WORK REQUIRED> The job is to output exactly the lines that run from the start of the entries through the line containing "Zaobstarajte si priestranný", pictures omitted.

SUPPLIED RECORDS>
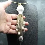 Колье с подвеской из гипса, роскошной кисти из цепочек и натурального экзотического жемчуга.
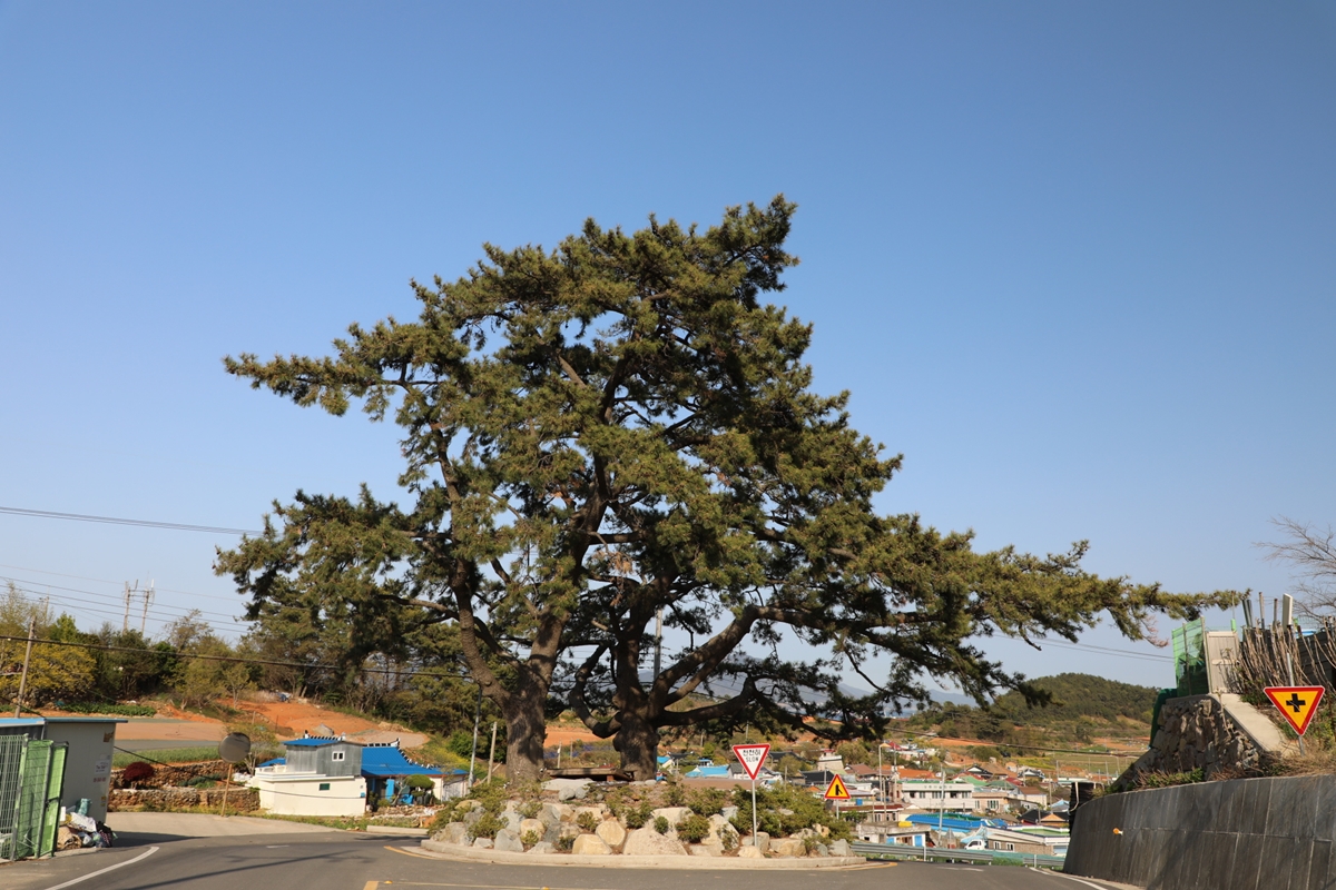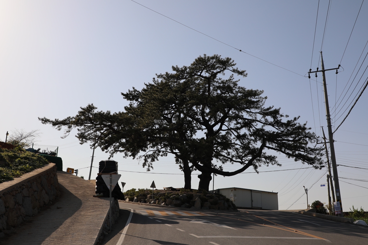 마을을 빠져나가며 보이는 소나무 두 그루가 멋지다.
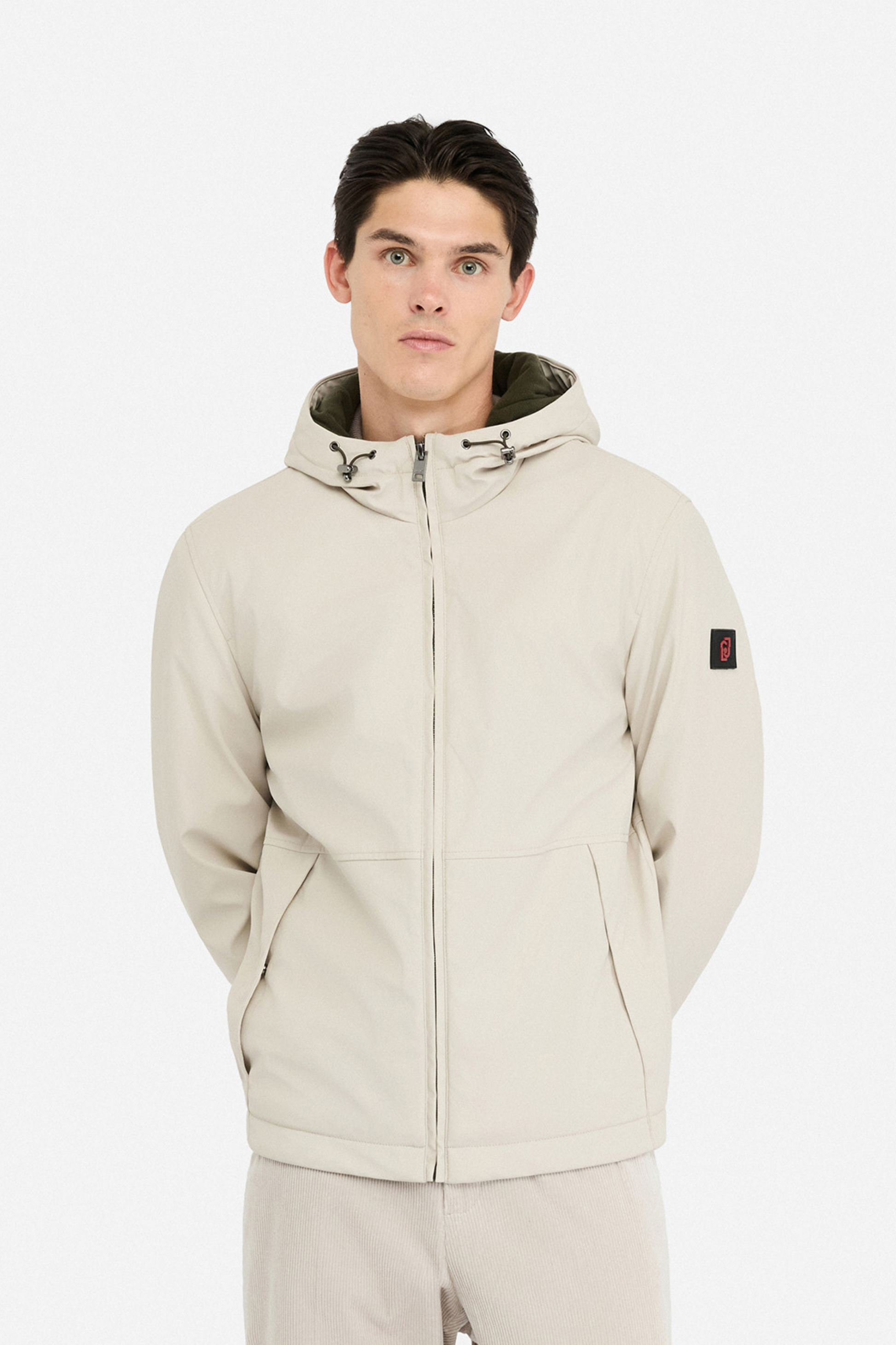 Casaco de chuva com capuz, leve e prático, feito para te proteger nos dias de mau tempo sem perder o estilo.
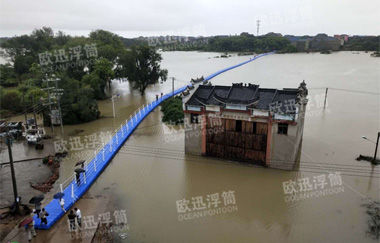 聚焦江西抗洪:鄱陽蓮湖鄉(xiāng)龍口村搭建浮橋通行
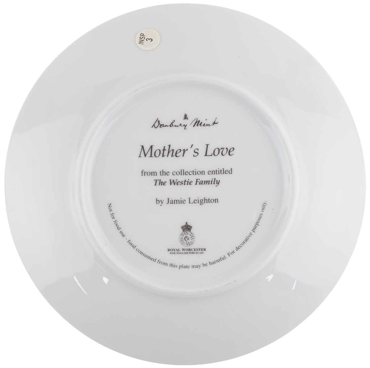 Маркировка: подглазурное клеймо черного цвета "Danbury Mint" для "Royal Worcester".
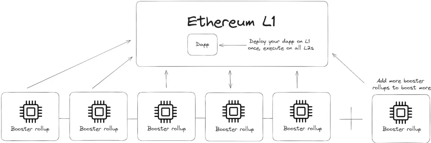 想象一下,你的 DApp 只需部署一次,就可以自动将其扩展到所有 L2,如果需要额外的区块空间,还可以添加更多「booster rollups」,且无需任何额外的设置工作。
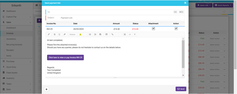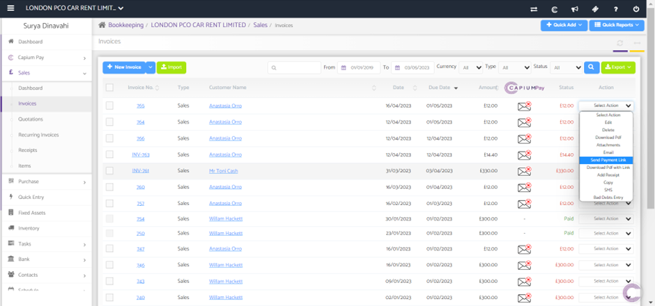 Following the navigation process, a user is able to send a link to get paid by selecting an invoice required to be sent, using the ‘Select Action’ drop-down menu and selecting the ‘Send Payment Link’ option. Alternatively, a user is able to send an email without the link by selecting the 'Email' option from the drop-down menu.
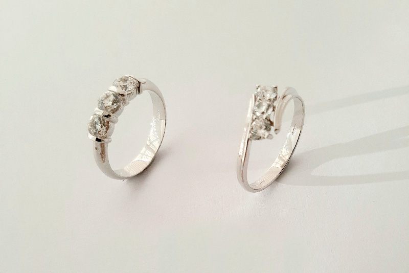 Anelli trilogi in Oro750/oo bianco con zirconi 1° di scelta.
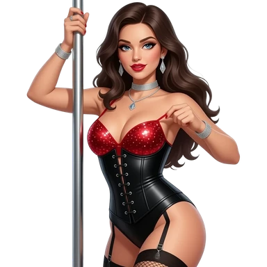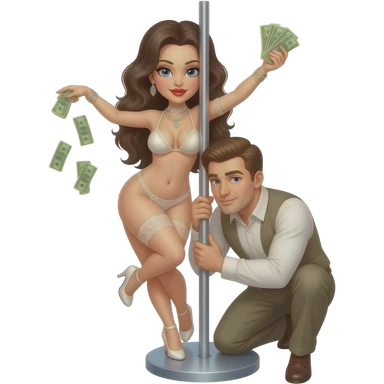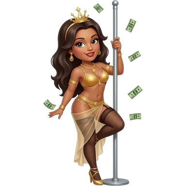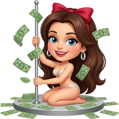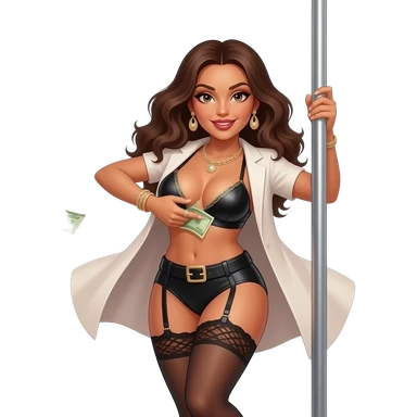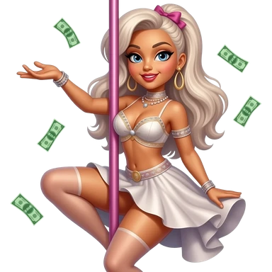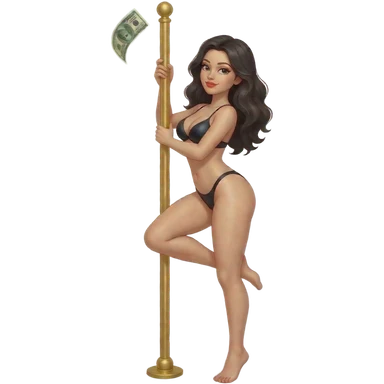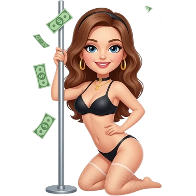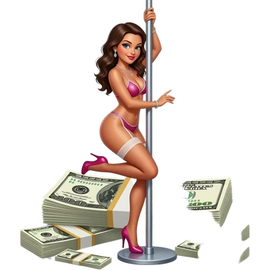 Sexy stripper dancing on a stripper pole with money and she has almost no clothes on on emoji
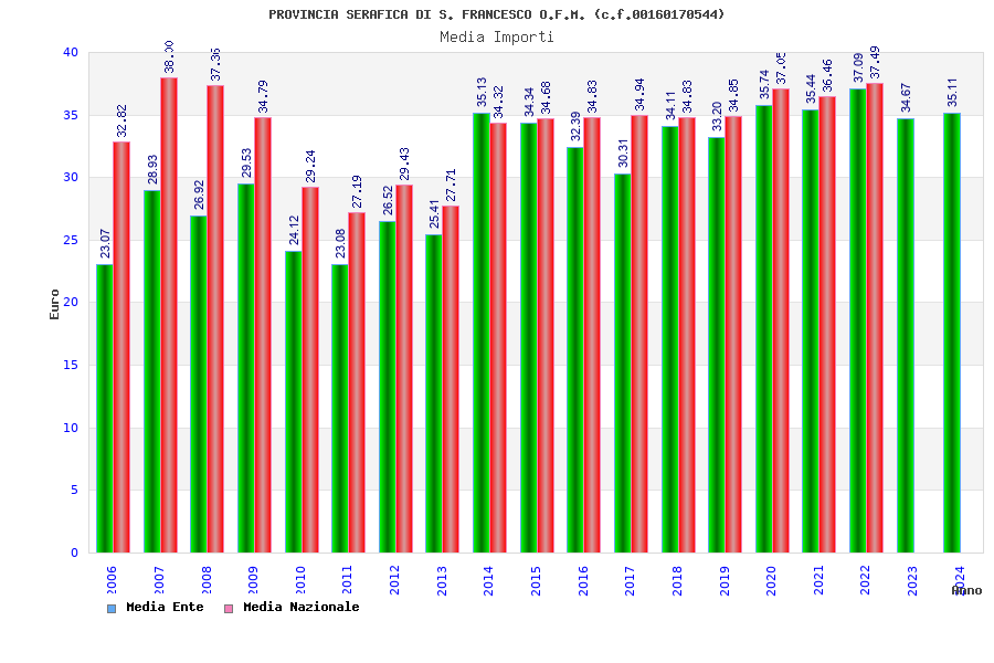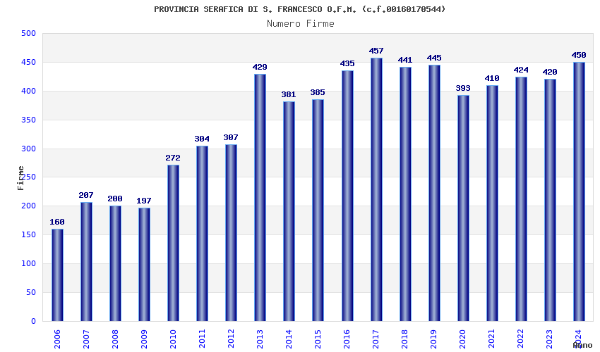 | Anno | Firme | Importi | Media | Naz. | Reg. | Prov. | Comu. |
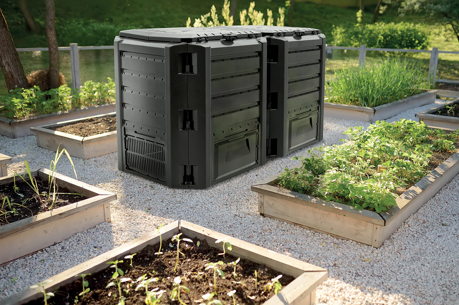 Zaobstarajte si priestranný kompostér, ktorý urýchli premenu trávnej hmoty, lístia a kuchynských zvyškov na kvalitný humus. Model Module Compogreen s kapacitou 800 l ponúka stabilnú konštrukciu, dobré prúdenie vzduchu a elegantné čierne prevedenie vhodné do každej záhrady.
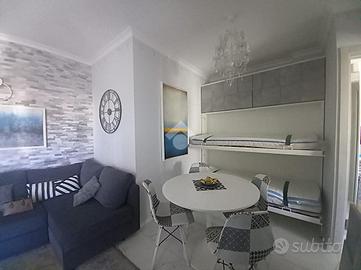 Marina Di Ardea. A pochi passi dal mare proponiamo in vendita un grazioso appartamento posto al secondo ed ultimo piano di una palazzina ristrutturata. L'immobile è composto come segue: Entrando ci accoglie il luminoso soggiorno con angolo cottura, dotato di due posti letto ed accesso allo spazio esterno vivibile. Nell zona notte la camera matrimoniale e bagno finestrato con doccia. La soluzione recentemente e finemente ristrutturata,è dotata di infissi in alluminio doppio vetro, inferriate e condizionatori e verrà venduta completa del mobilio. Completa la soluzione, la terrazza solarium con vista mare ed il posto auto esterno di pertinenza. Si presenta in ottimo stato ed è abitabile da subito.
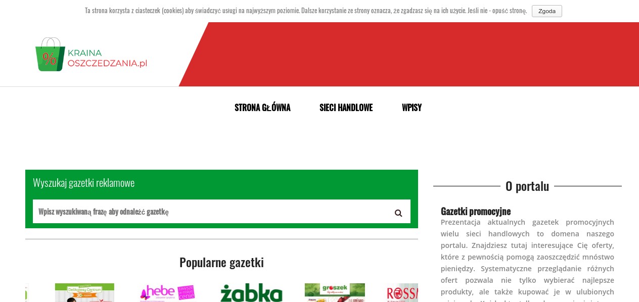 Prezentacja zawsze aktualnych gazetek reklamowych wielu sieci handlowych to domena portalu KrainaOszczedzania.pl. Strona przedstawia oferty, które z pewnością pomogą zaoszczędzić pieniądze i czas na szukaniu produktów atrakcyjnych cenowo. Portal umożliwia swobodne przeglądanie gazetek, w których możesz odnaleźć to, co interesuje Cię najbardziej. Publikujemy gazetki promocyjne Natura, Rossmann, Hebe, a także wielu sklepów spożywczych i nie tylko. Tu możesz oglądać je bez pobierania na dysk.
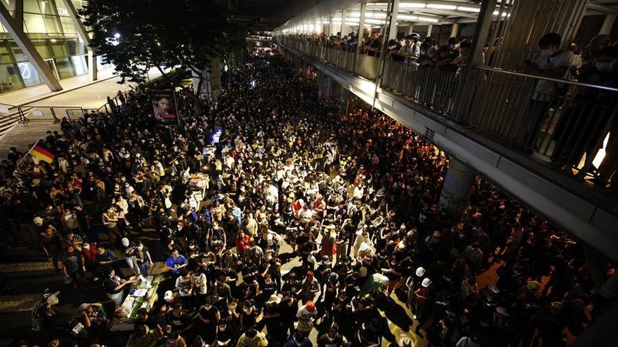 Miles de personas se congregaron en la intersección de Ratchaprasong, escenario habitual de manifestaciones en el centro financiero de la capital tailandesa, para pedir reformas democráticas y protestar contra las cargas policiales de la víspera en las inmediaciones del Parlamento, que se saldaron con 55 heridos.
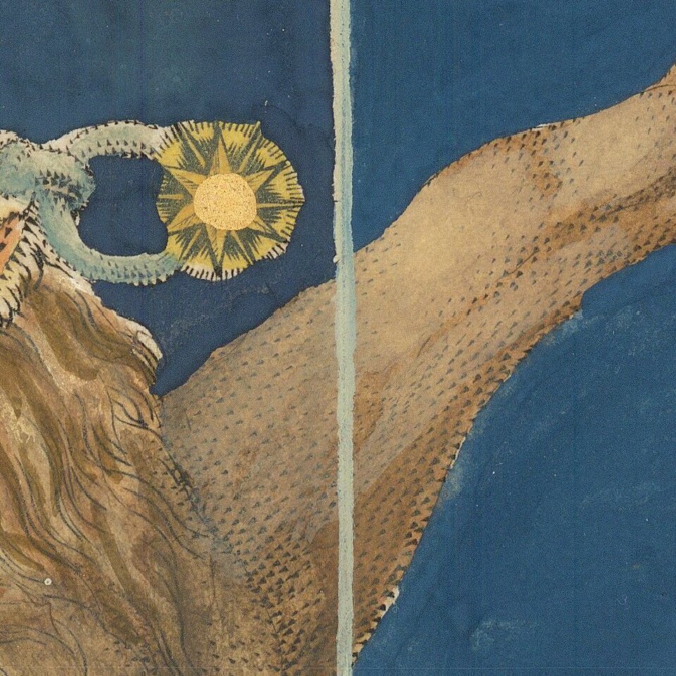 Striking full color example of Bayer's celestial chart of the constellation Canis Major, with the stars heightened in gold. The present example has no text on the verso.

EXPECTED ANSWER>
 Колье с подвеской из гипса, роскошной кисти из цепочек и натурального экзотического жемчуга.
 마을을 빠져나가며 보이는 소나무 두 그루가 멋지다.
 Casaco de chuva com capuz, leve e prático, feito para te proteger nos dias de mau tempo sem perder o estilo.
 聚焦江西抗洪:鄱陽蓮湖鄉(xiāng)龍口村搭建浮橋通行
 Маркировка: подглазурное клеймо черного цвета "Danbury Mint" для "Royal Worcester".
 想象一下,你的 DApp 只需部署一次,就可以自动将其扩展到所有 L2,如果需要额外的区块空间,还可以添加更多「booster rollups」,且无需任何额外的设置工作。
 Following the navigation process, a user is able to send a link to get paid by selecting an invoice required to be sent, using the ‘Select Action’ drop-down menu and selecting the ‘Send Payment Link’ option. Alternatively, a user is able to send an email without the link by selecting the 'Email' option from the drop-down menu.
 Anelli trilogi in Oro750/oo bianco con zirconi 1° di scelta.
 Sexy stripper dancing on a stripper pole with money and she has almost no clothes on on emoji
 | Anno | Firme | Importi | Media | Naz. | Reg. | Prov. | Comu. |
 Zaobstarajte si priestranný kompostér, ktorý urýchli premenu trávnej hmoty, lístia a kuchynských zvyškov na kvalitný humus. Model Module Compogreen s kapacitou 800 l ponúka stabilnú konštrukciu, dobré prúdenie vzduchu a elegantné čierne prevedenie vhodné do každej záhrady.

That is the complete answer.